Kommentar: Die Rezidivwahrscheinlichkeit ist derzeit auch sehr verlässlich mit dem etablierten Leibovich-Score zu erheben, es fragt sich daher, ob Genuntersuchungen hierfür notwendig sind. Allerdings ermöglichen solche präoperativen Untersuchungen natürlich frühzeitiger eine prognostische Aussage, insofern kann der Lymphozytenwert vor Nephrektomie eine wertvolle Zusatzinformation sein. Die nephronsparende Operation bei kleineren Tumoren sollte ohnedies Standard sein, die Ergebnisse der oben genannten Studie unterstreichen dies.
Das Immun-Chemotherapie-Konzept (Interferon- alpha, Interleukin-2, 5-Fluorouracil) aus früheren Jahren wurde von Aitchinson und Kollegen (Abstract #4505) in der adjuvanten Situation bei 309 Patienten untersucht; es zeigte sich kein Benefit beim krankheitsfreien oder beim Gesamtüberleben. Kommentar: Die Studie wurde zu einem Zeitpunkt begonnen, als moderne Therapien noch nicht weit verbreitet waren. Die Ergebnisse bestätigen die Daten, die man auch aus der Palliativsituation kennt.

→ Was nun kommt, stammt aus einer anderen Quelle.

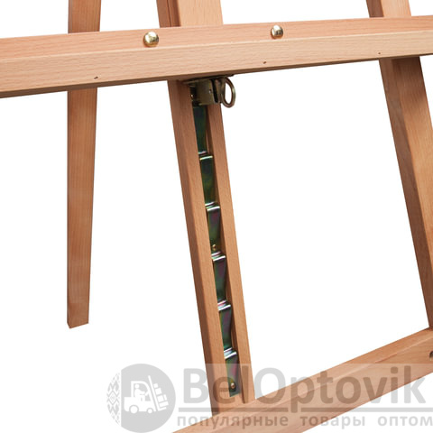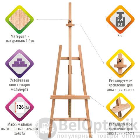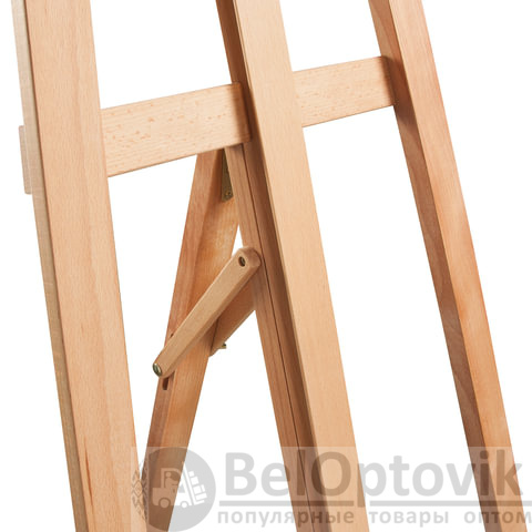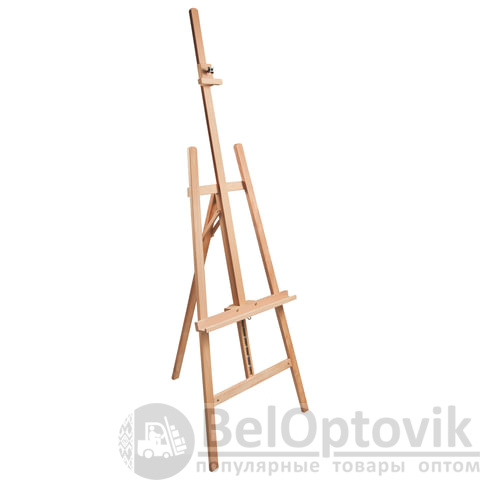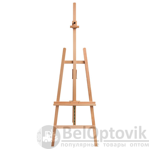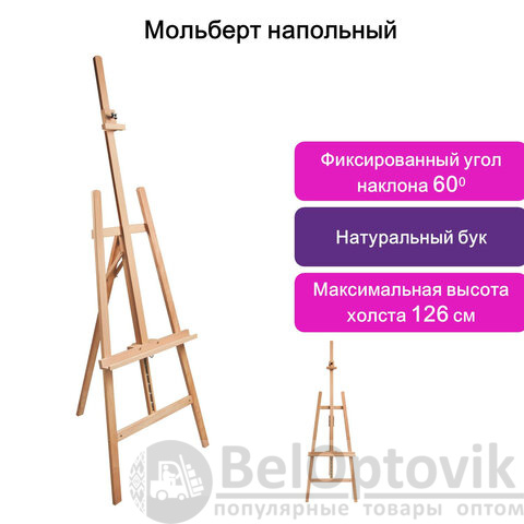 Изготовлен из натурального бука, пропитанного маслом. Мольберт напольный прост в установке, его конструкция достаточно устойчивая. Верхнее крепление позволяет прочно фиксировать холст высотой до 126 см. Мачта неподвижная с фиксированным углом наклона - 60°.
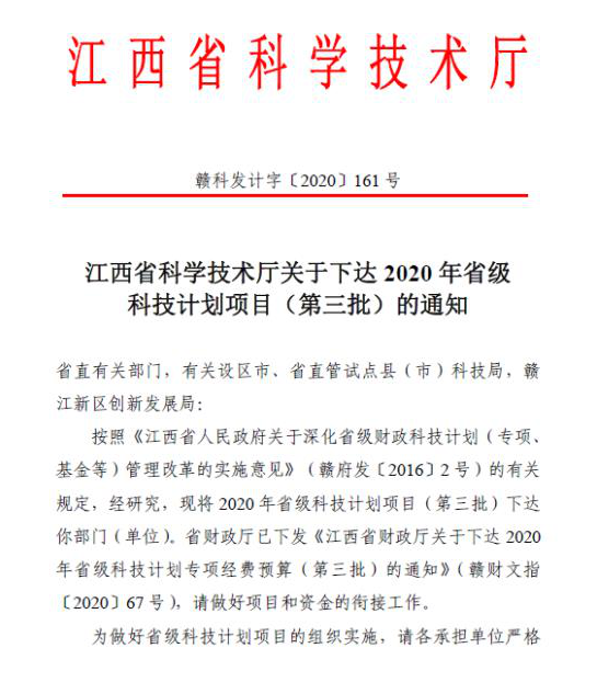 近日,根据江西省科技厅赣科发计字(2020)161号文件,依托我校化学化工学院建设的江西省生态化工工程技术研究中心在2020年验收评估中被评为省级优秀平台,获得省科技厅进一步资助。
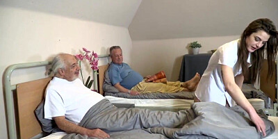 - Brunette nurse blows an old dude as his friends looks on
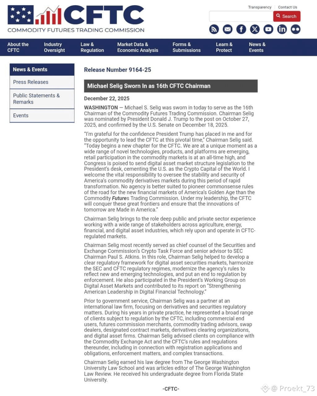 Майкл Селиг официально вступил в должность главы CFTC США. Комиссии по торговле товарными фьючерсами. С пафосом назвав это "новой главой в истории агентства"

In der Erstlinientherapie bei Patienten mit gutem oder intermediären Risikoprofil ist die Situation mit den drei Optionen Sunitinib, Bevacizumab+IFN-alpha oder Pazopanib unverändert, allerdings wird jetzt wesentlich häufiger niedrig dosiertes IFN-alpha zur Anwendung kommen, wenn IFN-alpha+Bevacizumab als Erstlinientherapie gewählt wird. Dies scheint gerechtfertigt, obwohl es sich lediglich um eine ergänzende Phase-II-Studie handelt.
Prädiktive Marker liefern derzeit noch keine ausreichenden Zusatzinformationen, die die Qual der Wahl bei der Erstlinientherapie erleichtern würden, da die Ergebnisse wahrscheinlich auf alle Multikinaseinhibitoren zutreffen. Zudem stellt sich die Frage, was – mangels therapeutischer Alternativen – dem Patienten alternativ angeboten werden kann. Interessant sind jedoch die Daten zur Prädiktion für die Interferon-basierte Therapie (in Kombination mit Bevacizumab), da die IFN-alpha-basierte Therapie (in Kombination mit Bevacizumab!) nach wie vor ein wichtiger therapeutischer Pfeiler ist.

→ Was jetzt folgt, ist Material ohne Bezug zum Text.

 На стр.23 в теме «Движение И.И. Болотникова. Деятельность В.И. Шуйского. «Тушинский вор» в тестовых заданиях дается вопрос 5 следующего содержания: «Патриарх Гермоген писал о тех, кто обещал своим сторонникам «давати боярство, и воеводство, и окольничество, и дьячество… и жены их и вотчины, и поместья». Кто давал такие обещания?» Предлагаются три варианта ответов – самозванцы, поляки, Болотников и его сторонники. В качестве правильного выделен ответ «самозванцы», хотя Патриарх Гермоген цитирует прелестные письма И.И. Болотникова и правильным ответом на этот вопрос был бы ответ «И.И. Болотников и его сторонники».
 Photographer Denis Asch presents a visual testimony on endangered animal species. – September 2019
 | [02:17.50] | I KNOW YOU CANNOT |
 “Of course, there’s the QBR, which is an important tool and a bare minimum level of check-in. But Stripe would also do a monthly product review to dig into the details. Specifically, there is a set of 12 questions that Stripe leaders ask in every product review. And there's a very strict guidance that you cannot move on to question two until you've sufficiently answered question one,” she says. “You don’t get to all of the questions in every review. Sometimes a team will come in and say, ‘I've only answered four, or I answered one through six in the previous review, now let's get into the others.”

In der Zweitlinientherapie ist Axitinib eine neue Option, nicht aber der neue Standard, es sei denn, die derzeit noch ausständigen Überlebensdaten wären wesentlich besser als mit Everolimus. Das Potenzial dieser sehr aktiven Substanz ist in der Zweitlinie nicht optimal genützt.
Die interessanteste Substanz der Zukunft ist Tivozanib, was die Bedeutung einer hohen VEGFR-TK-Affinität widerspiegelt. Kombinationen und neue Substanzen lassen vorerst keinen neuer – lichen Durchbruch in der Therapie des mRCC erkennen.